DATA SHOWN: Begin
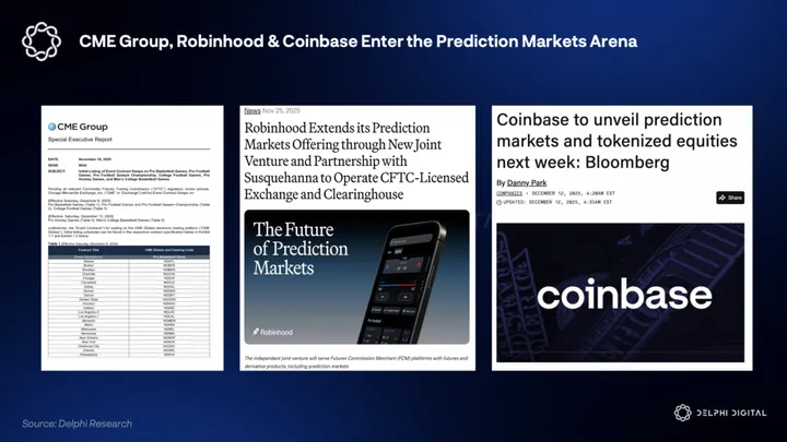 Kalshi 2025 年收入预计超过 6 亿美元,Robinhood 通过 Kalshi 的预测市场业务线已经贡献超过 1 亿美元收入。CME 计划上线体育预测市场,Coinbase 正式入场,Robinhood 收购 MIAXdx 以构建内部市场,Polymarket 与 Kalshi 也开始直接争夺彼此地盘。
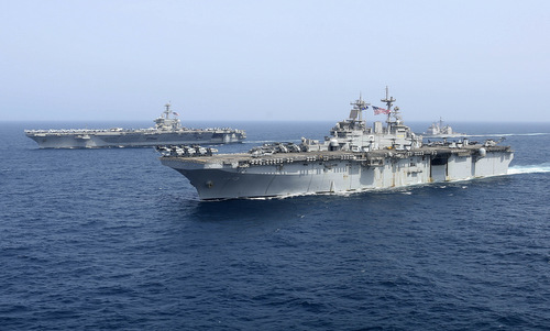 Chiến hạm Mỹ diễn tập trên Biển Arab gần Iran hôm 18/5. Ảnh: US Navy.
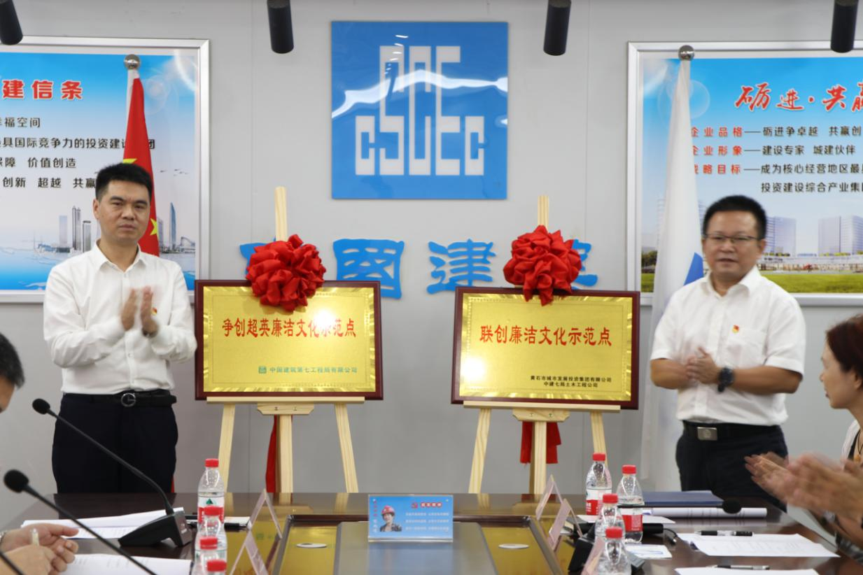 啟動儀式上,觀看了習(xí)近平總書記“七一”講話視頻、《向城而生》宣傳片、陳超英事跡新聞《時代先鋒:陳超英》。宣讀了“超英廉潔文化示范點”聯(lián)創(chuàng)共建實施方案。聯(lián)創(chuàng)共建“三方”紀委書記共同簽訂《“超英廉潔文化示范點”聯(lián)創(chuàng)共建協(xié)議書》。集體宣讀廉潔從業(yè)誓詞、向廉潔監(jiān)督員頒發(fā)聘書,為奮斗在項目一線的黨員、管理人員和青年代表授旗,為項目部“廉潔書屋”贈送廉潔文化書籍。隨后,在熱烈的掌聲中,黃訓(xùn)能、李艷志共同為項目“爭創(chuàng)超英廉潔文化示范點”“聯(lián)創(chuàng)廉潔文化示范點”揭牌。
DATA SHOWN: End
▶ _REQUIRED WORK_
Your copy should hold exactly and only the lines from the one containing "Chiến hạm Mỹ" through the end of the material, inclusive, repeated word for word and without pictures.

▶ _RESPONSE_
 Chiến hạm Mỹ diễn tập trên Biển Arab gần Iran hôm 18/5. Ảnh: US Navy.
 啟動儀式上,觀看了習(xí)近平總書記“七一”講話視頻、《向城而生》宣傳片、陳超英事跡新聞《時代先鋒:陳超英》。宣讀了“超英廉潔文化示范點”聯(lián)創(chuàng)共建實施方案。聯(lián)創(chuàng)共建“三方”紀委書記共同簽訂《“超英廉潔文化示范點”聯(lián)創(chuàng)共建協(xié)議書》。集體宣讀廉潔從業(yè)誓詞、向廉潔監(jiān)督員頒發(fā)聘書,為奮斗在項目一線的黨員、管理人員和青年代表授旗,為項目部“廉潔書屋”贈送廉潔文化書籍。隨后,在熱烈的掌聲中,黃訓(xùn)能、李艷志共同為項目“爭創(chuàng)超英廉潔文化示范點”“聯(lián)創(chuàng)廉潔文化示范點”揭牌。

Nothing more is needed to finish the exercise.